Predatory Plants

Several dangerous plants exist across Aropria. Ones that bear toxic spores and fruit, others that cause allergic reactions, more that bear spines and spikes. Only the least wary or most unlucky fall victim to these plants, however, they bear these traits for defensive purposes. Certain types of plants have evolved to require predation, and are certainly more dangerous than their defensive counterparts. The most common four are listed below.

Pitcher Plants:

Pitcher Plants have large sacs filled with a cloying syrup that restricts the movements of its prey and serves as a digestive substance. Smaller variants resemble normal flowers and attract creatures inside with tantalizingly tasty and bright fruit near its core, and most catch animals that range in size up to a small dog. Variants act as trapdoor pods, and exist underneath the earth and can grow to be quite large, able to ingest even a couple of large humanoids at once. These are much harder to spot as the native foliage covers its “mouth” well, and produces a film across the top that allows small amounts of weight on it before it snaps and sends the prey inside. The syrup inside each pot of the pitcher plant is incredibly sticky, and may sometimes be used as a replacement for cements if carefully gathered. Pitcher plants of all varieties grow best in warm climates. Clusters of these dangerous plants appear often, resulting from the seeds of the less tasty fruit outside of their pitchers being spread nearby.

Snap Catchers:

Snap Catchers are strange plants that trap prey with a powerful “jaw” consisting of 2 leaves that are about as hard as wood. Snap catchers are fairly large, and there is no limit to the size they may grow, though most only become large enough to eat a single human.
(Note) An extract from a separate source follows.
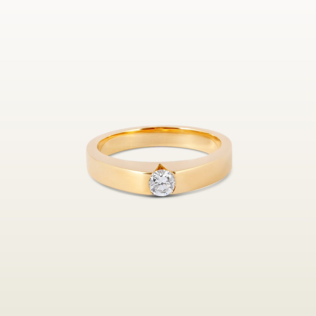 Anillo de compromiso Solitario, en oro amarillo 18 kt con un diamante natural corte Brillante Redondo (Round Brilliant Cut) de 0.16 ct.

Once a creature steps on its roots exerting enough pressure, a series of internal passageways open and simulate muscular action with what effectively amounts to hydraulics and causes the jaw of the plant to snap down onto the disturbance. So long as the roots remain undisturbed, the plant takes no actions. If the blunt force trauma isn’t enough to kill its target, the mouth of the plant quickly fills with water and a slightly corrosive syrup after righting itself, resulting in any prey that survives the blow to drown. The Snap Catcher then releases its jaw, allowing the prey to fall to the roots as mulch, often attracting scavengers to be turned into more food for the plant. Snap Catchers are solitary and found in marshy conditions, either partially submerged beneath the mire, or disguised as part of a tree. Their aggressive root spread makes them very parasitic to other flora in the area.

Alium’s Ear:

Named for the gray pallid tones of the mushroom, Alium’s ear is a strange fungal parasite that takes roots in the spinal fluid of host bodies from non-plant based creatures. Normally they only pose dangers to tiny creatures and insects, but in rare instances pose a danger to humanoids who eat infected animals that haven’t exhibited clear symptoms of infection yet, though even then the chance to become infected is low. For those cases, imagine scenarios with slow moving zombies with the aesthetic of the last of us clickers. Alium’s Ear appears in cold regions that exhibit high humidity.

Strangler Roots:

These vines and roots can adapt to all but the most inhospitable climates. They parasitize themselves onto trees, bushes, and swathes of fields where they fight with the other flora for nutrients. However, their added diet allows them to hunt for meat too, and are able to track living creatures that enter into their range before surging onto them where they constrict the creature to death. Strangler Roots are otherwise barely mobile, and will stay in a single location for a long time. Their area if not subsuming a tree usually ranges from a 5 foot patch to a massive 25 foot wide area.

Transition from Plant to Monster:

If any one of these predatory plants manages to eat a humanoid, or other creature with sapience, it begins to immediately develop a congruence core of its own, and rapidly grow with strange mutations. The mutations are almost entirely unique, since they are based more on the poor soul who was lost to the plant than the plant itself. The dangers of a predator plant are less from the mundane variety, and almost entirely from these isolated strains.